Back at the speakers’ platform, a member of Cleveland Peace Action held a paper Ronald Reagan mask to his face and talked about “freedom fighters in Afghanistan” – how rebels funded by the U.S. in 1980s became part of Taliban. A few dozen people watched, while dozens of others milled about the square. A big guy in pink, with a James Earl Jones-like deep voice, introduced George W. Bush, or rather, a guy in a rubber Bush mask who delivered a mostly incomprehensible speech in a thick Texas drawl. “God bless America! God bless cheap gas!” he declared.

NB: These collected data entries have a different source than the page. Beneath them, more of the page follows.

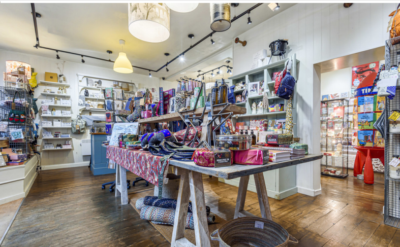
Front Sales Area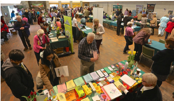
Bottom Left: The Floral Hall at the Toronto Botanical Garden is abuzz with activity as visitors enjoy the day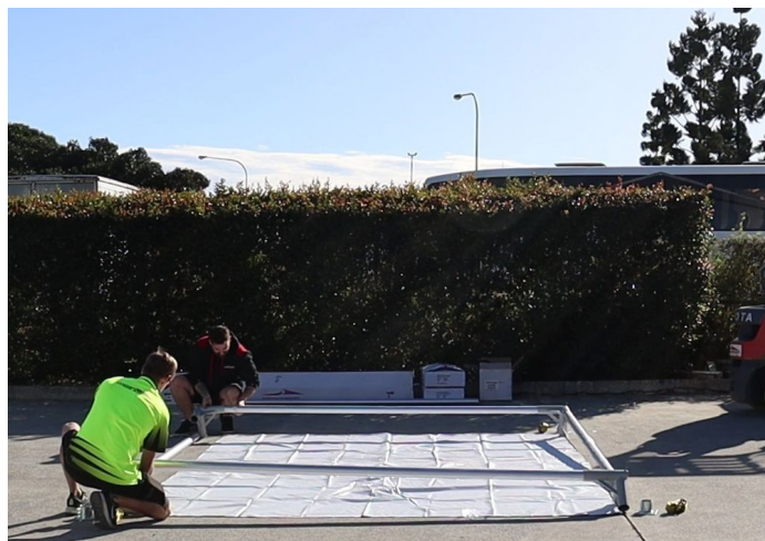
Once in place connect the 4 steel corner connectors to the 4 aluminium roof beams.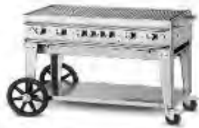
4' Prop Stainless Grill 50" x 23" x 32"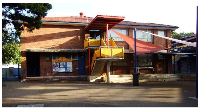
The 1972 classroom block was then demolished to create the present "grass" area.

1956 a Commercial College for girls was built on the site of the second church. When more classrooms were needed in the 1970s, the first school building was demolished to make way for a new block of classrooms that were blessed and opened by Archbishop James Freeman on 3 September 1972. They became the Kindergarten block until almost forty years later in 2011 when another classroom block was built for Kindergarten along the Parramatta Road boundary of the school precinct on the western side of the hall.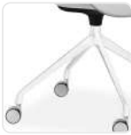
4 Way White Swivel Base - Fixed Height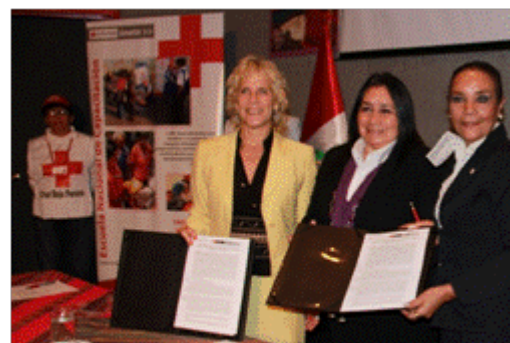
The PRC has signed an agreement for training in first aid to all day-care centres in Peru.

The PRC is partially implementing these plans due to the lack of funds and will do so until the National Society has the capacity to develop a Resource Mobilization Strategy in line with its new National Strategic Plan. In June 2011, some results were seen thanks to the campaign to support families affected by the cold wave organized in alliance with a local television channel. Furthermore, in November 2011, the PRC signed an agreement with the Ministry of Women and Social Development for training in first aid to all day care centres "Wawa Wasi" in the country; this will represent an annual income of around 40,000 Swiss francs.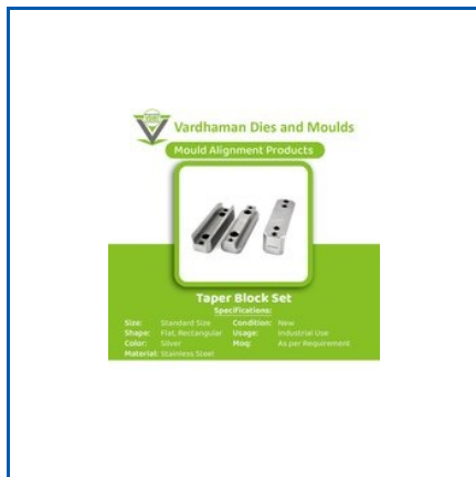
TAPER BLOCK SET

Air Couplings, Air Ejector Pin Type A, Air Ejector Pin Type B, Air Ejector Pins, Aluminium Ball Cage, Aluminum Cylindrical Ball Cage, Ball Brass Cage, Ball Cages, Bellow Couplings, Black Head Annealed Punch, Blade Ejector, Blade Ejector Pins, Brass Ball Cage, Brass Couplings, Bush Couplings, etc.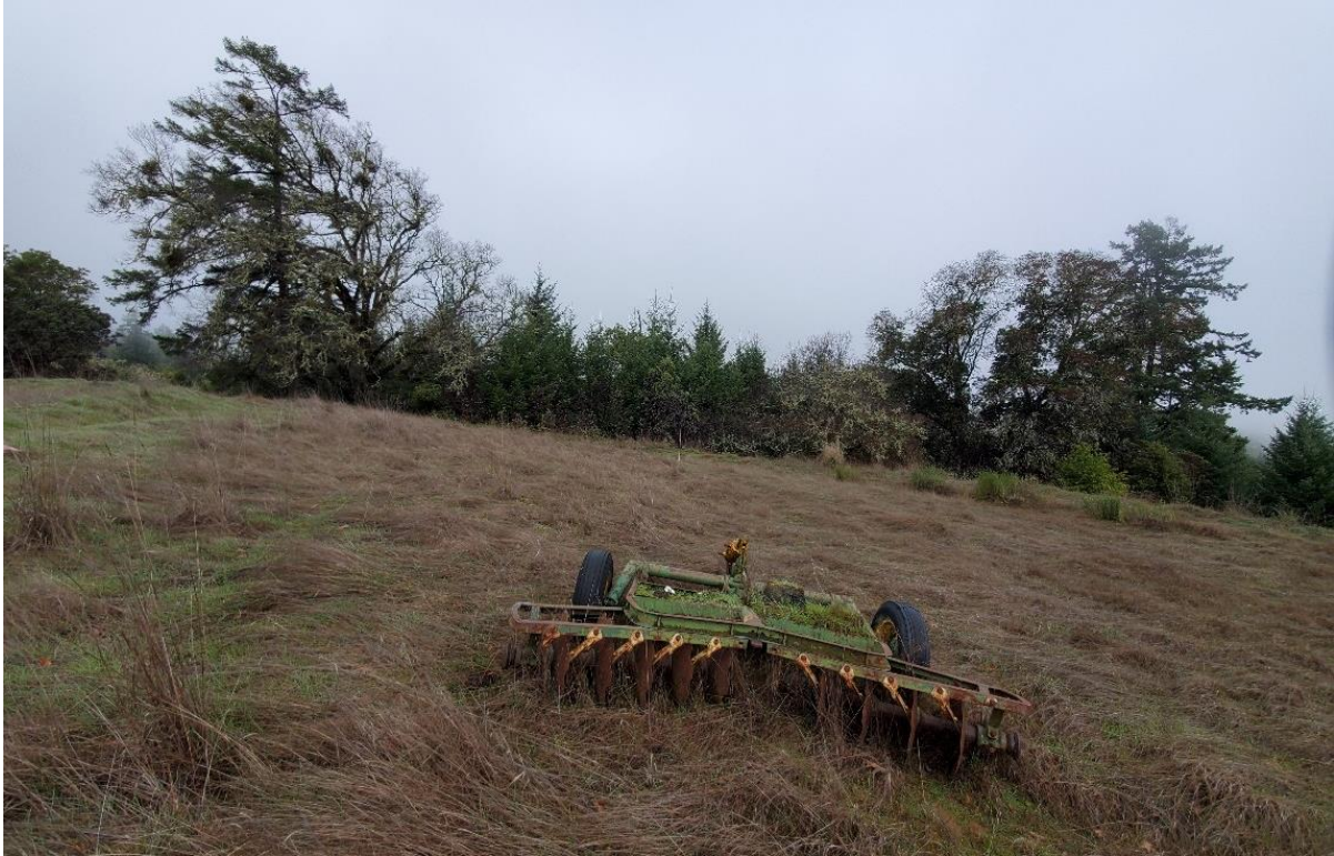
Photograph 3. The west end of the BSA, facing north.

Then came a guy dressed as Trump, including a bright orange wig. “I’m good at war! I’ve had a lot of wars of my own! I’m really good at war! I love war!” he shouted with a Trumpian snarl. His shtick wasn’t a parody, exactly: He was quoting Trump verbatim.
“I know more about ISIS than the generals do, believe me!” he declared. “I know Russia well! I had a major event in Russia two or three years ago – a Miss Universe contest – which was big. Big, big. Incredible!”
Across Superior Avenue, on the square’s north end, Tom Johnson’s statue sat alone, a few dozen yards east of his old perch. The square’s new design has drawn the free-speech action south, leaving only a few people on the north end’s giant lawn.
Johnson gazed south. A Wrap It Up food truck blocked his view of the new speakers’ platform. But his face had an attentive, curious expression. He looked satisfied — and even a little amused.